Huelva’s Spanish Film Showcase also has a strong lineup. The Acento Award is given to the best Spanish coach, decided by audience voting at the Acento. In the Cine Español series, the Movistar Plus+ original “Los tigres” was directed by Alberto Rodriguez. The film follows a brother and sister, two industrial divers working in the port of Huelva, as the older brother senses his diving days are over and steals a drop of cocaine in order to build a future.

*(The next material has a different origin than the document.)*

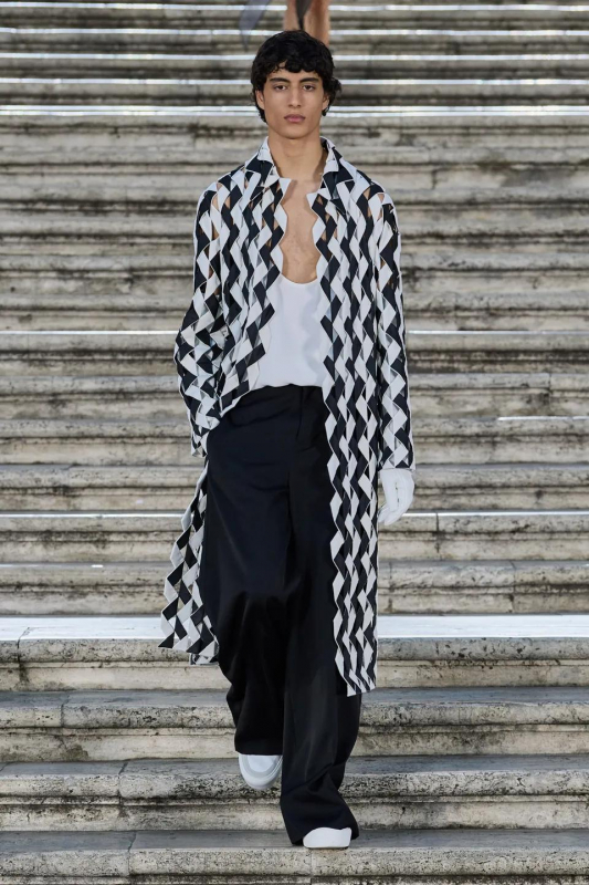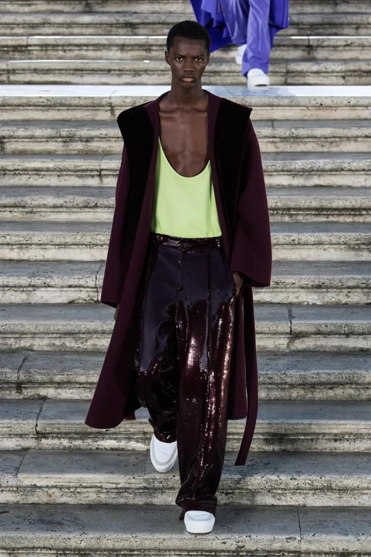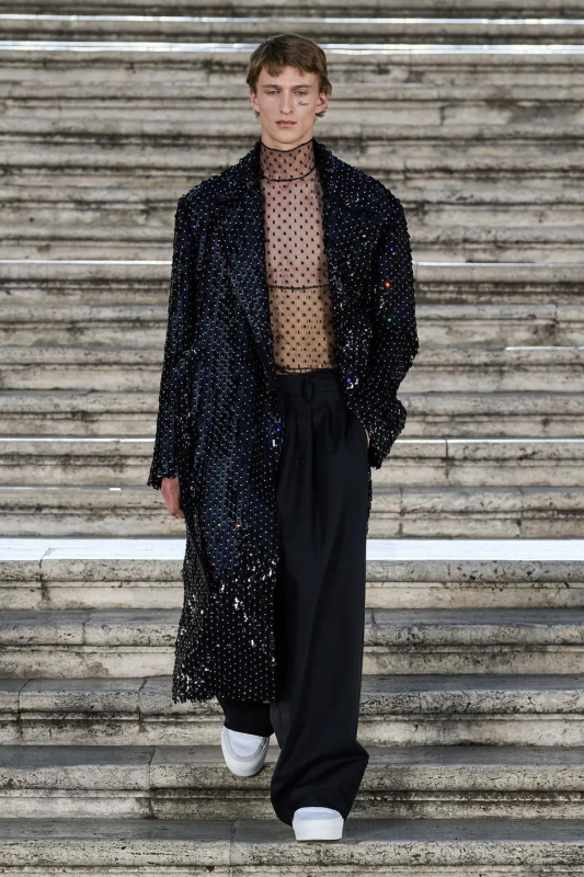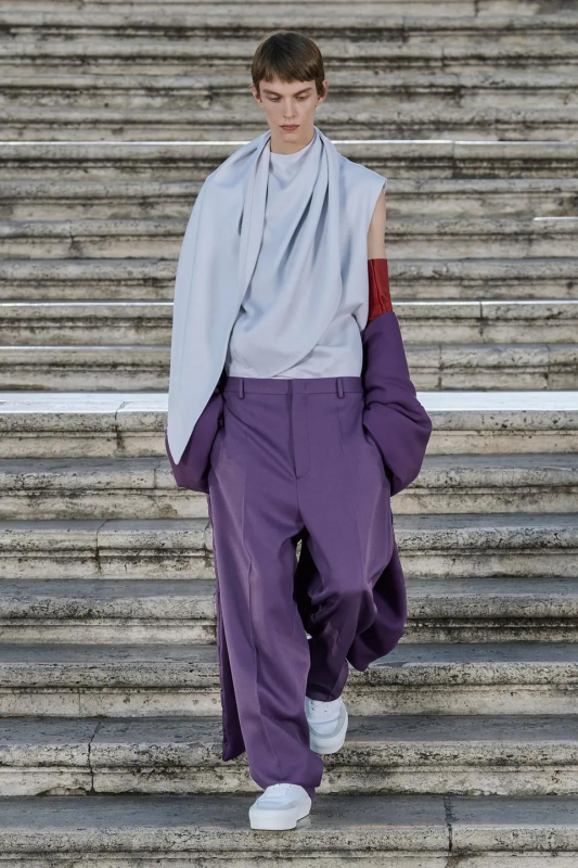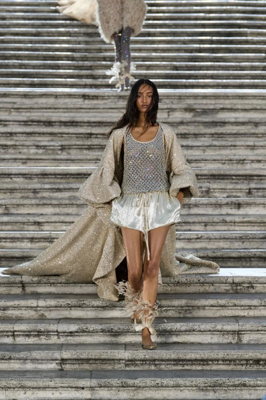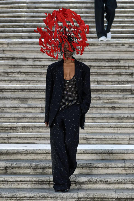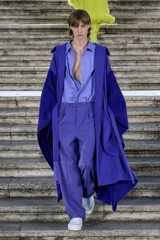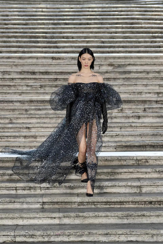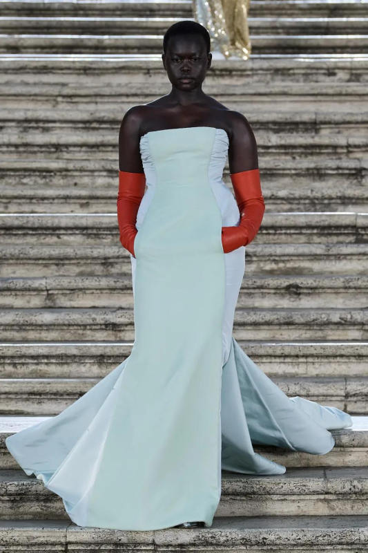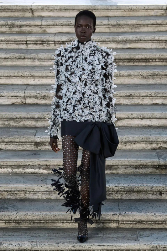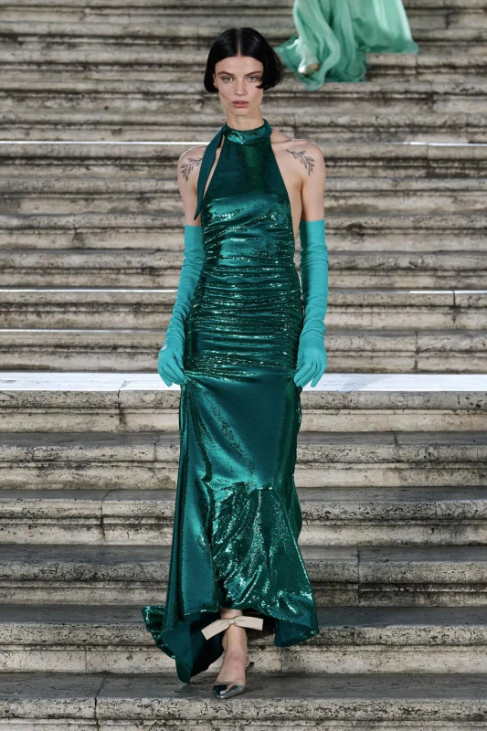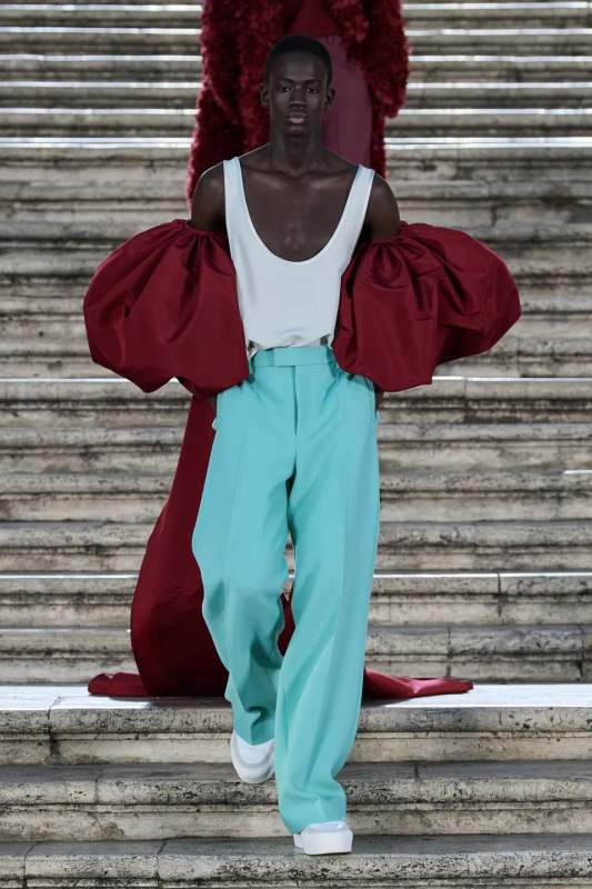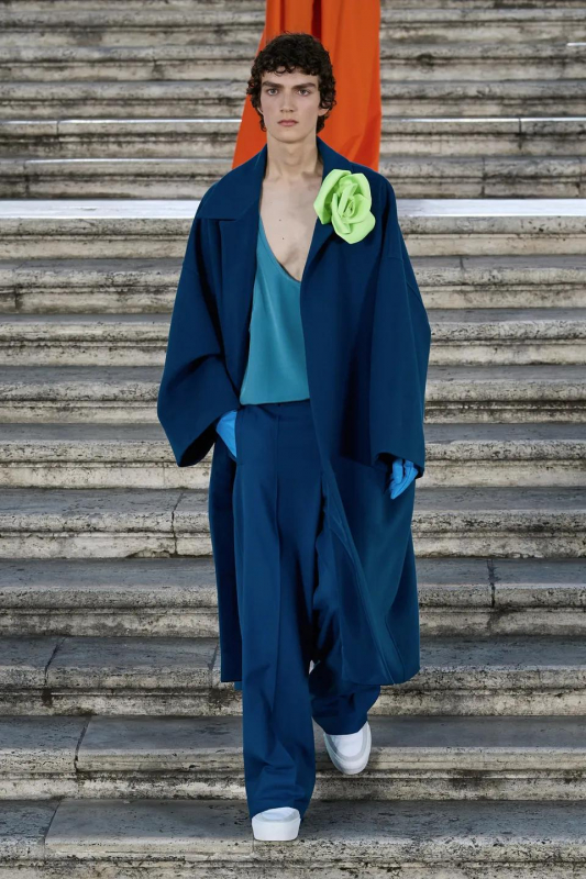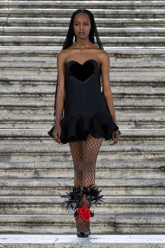Прошлым вечером в Париже свою новую кутюрную коллекцию для Valentino представил Пьерпаоло Пиччоли — она получила название The Beginning. В этом сезоне дизайнер вновь активно работает с цветами: в прямом и переносном смысле. На подиуме мы увидели буйство ярких красок, а также отсылки к образам живых цветов: модели выходили на подиум в головных уборах-бутонах. Что касается оттенков, то тут Пиччоли показал богатую палитру, которая плавно сменялась вместе с настроением: в начале пышные платья, накидки и костюмы были окрашены в алый, затем появился уже фирменный розовый, который сменился на фиолетовый, кислотно-зелёный и оранжевый. «Отдыхом» от красок стали прозрачные платья и топы серебристого цвета: сияние — ещё один большой тренд коллекции.

“Los Tigres,” written by Rafael Cobos and Rodriguez, who captivated Spain with the television series “Anatomy of a Moment,” has the weight of straight action. However, this work contains the social commentary that is characteristic of its creator. A casual conversation with other divers about why they steal cocaine in the first place – Antonio has no expectation of a pension after a lifetime of diving – exposes the precariousness of this profession, like much of Spain’s gray economy.
In the Talent Andaluz sidebar, Huelva-born filmmaker Paco Ortiz was awarded the Juan Ramón Jiménez Award for his documentary “Antonio, el bailarín de España” about the legendary dancer and choreographer Antonio Luis Soler.
Looking ahead, organizers used the closing night to finalize Huelva’s place on the Ibero-American calendar. The 52nd Huelva Ibero-American Film Festival will be held from November 13 to 21, 2026.